HURRAH! Live music is back. There was tangible hope in the air on this lovely summer evening, as Robert Hollingworth’s crack vocal group I Fagiolini returned to the fray in front of an eager audience (albeit socially distanced and masked), promoted by the University of York.
We must be grateful for the efforts of many musicians who have toiled to stream concerts over the past year. But nothing beats the real thing, for performers and audiences alike.
Hollingworth’s programmes are always imaginative, not to say challenging, and this one was no exception. Au Naturel was inspired by the four-season canvases painted by Pieter Brueghel the Younger in 1624, in which peasants labour outdoors in the foreground and make merry in the mid-ground, against reassuring landscapes.
“The paintings are … a hymn to the majesty of nature in its whole and parts” in the words of Martin Kemp’s programme-note, and a timely reminder that nature needs our co-operation. The programme helpfully reprinted extracts from all four paintings, in full colour.
Autumn kicked off with Leighton’s setting of Hopkins’s God’s Grandeur, which celebrates nature’s powers of recovery after man’s mistreatments. Leighton observes all this, acerbic at first, then gradually gentler: the seven singers, uneven to start, settled into a smooth flow.
Rheinberger’s Evening Song offered soothing compensation. In total contrast was the Monégasque composer Léo Ferré’s scatty Chanson d’Automne, its anarchic fragments fluttering like falling leaves.
Winter was entirely dedicated to Ed Hughes’s Sun, New Moon and Women Shouting, a 10-minute setting of a Tom Lowenstein poem inspired by three dark winters among the Alaskan Inuits. The music, like the poem, does not gloss over the hardships, but finds solace in the moon when the sun fails to appear. A dialogue between male and female elders leads towards an upbeat ending. The composer was present to receive deserved applause.

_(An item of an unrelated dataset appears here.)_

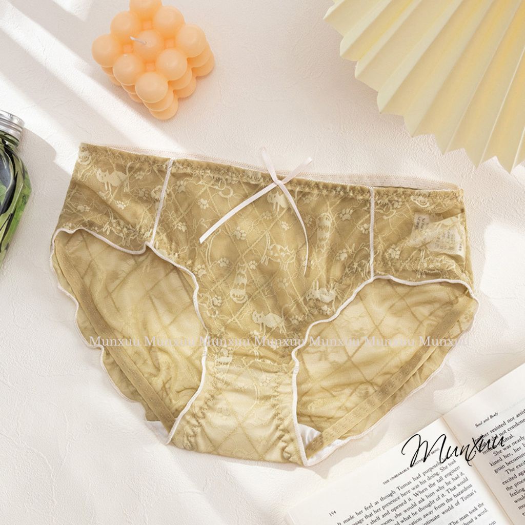 Giới thiệu Quần lót ren nữ cao cấp MUNXUU họa tiết mèo phối nơ điệu đà, chất ren mềm mại thông thoáng - QC130

The male singers removed their ties for Spring, which opened with sprightly seasonal madrigals by Monteverdi and Claude Le Jeune, the one springy and vivacious, the other more alive to Cupid’s darts among both mankind and animals, with a cheery refrain. Howells’s 1964 setting – his last secular part-song – of Bryan Guinness (2nd Baron Moyne), The summer is coming, beautifully captured the anticipation of springtime in Ireland.
And so to Summer itself, this time with jackets removed. Sumer is icumen in made the perfect start, timeless in its clarity. Schütz’s The heavens declare had terrific rhythmic zest. Janequin’s zany La Chasse was made more hilarious still by vivid gesticulations and a ‘galloping’ tutti, a tour de force to close an exhilarating evening.